Es bonito

Es bonito ahora pensar en lo cotidiano, en esas pequeñas cosas que hacemos sin darnos cuenta. Recoger las monedas cuando te devuelven las vueltas, ir a por los niños a extra escolares a las 6, volver con la radio puesta y la ventanilla bajada, encontrarte a un amigo temprano y compartir café y confidencias.

Echo de menos los autobuses y el reflejo de los coches brillando en direcciones opuestas. Echo de menos el campo y subir entre rocas a gritar a los cuatro vientos con mi perra. 

Echo mucho de menos arreglarme cada mañana para salir a hacer mi vida.

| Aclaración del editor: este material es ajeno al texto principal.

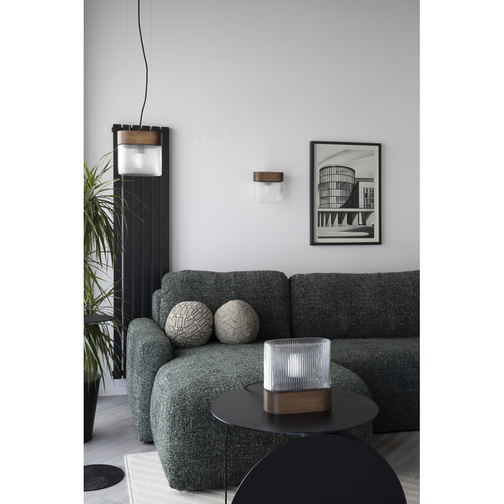 lemn de frasin / sticlă canelată transparentă |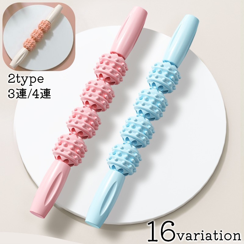 ローラー ストレッチローラー グリップ付き 持ち手付き スティックタイプ 筋肉ほぐし 突起 ポツポツ付き 回転 健康 ほぐし リフレッシュ レディース

Me apetece un atasco en la M30, que me aplasten dando un paseo por la Gran Vía. Cómo echo de menos un domingo de pueblo, una caña bien tirada, unas compras rápidas antes de que cierren. Esas prisas por no llegar tarde, los horarios, el ajetreo.

Siento vergüenza al pagar al cajero del súper, con mi compra excesiva y mi mascarilla. Me apetece decirle cómo estás, cómo lo llevas. Pero no me atrevo, a pesar de las ganas. 

Mientras vuelvo a casa en el coche, desde la radio me dicen que aún queda casi un mes, que no vamos a recuperar la normalidad en mucho tiempo. Las calles vacías y los parques cerrados  con cinta policial me lo confirman. Es una escena que no podríamos haber imaginado en ningún plan previo. 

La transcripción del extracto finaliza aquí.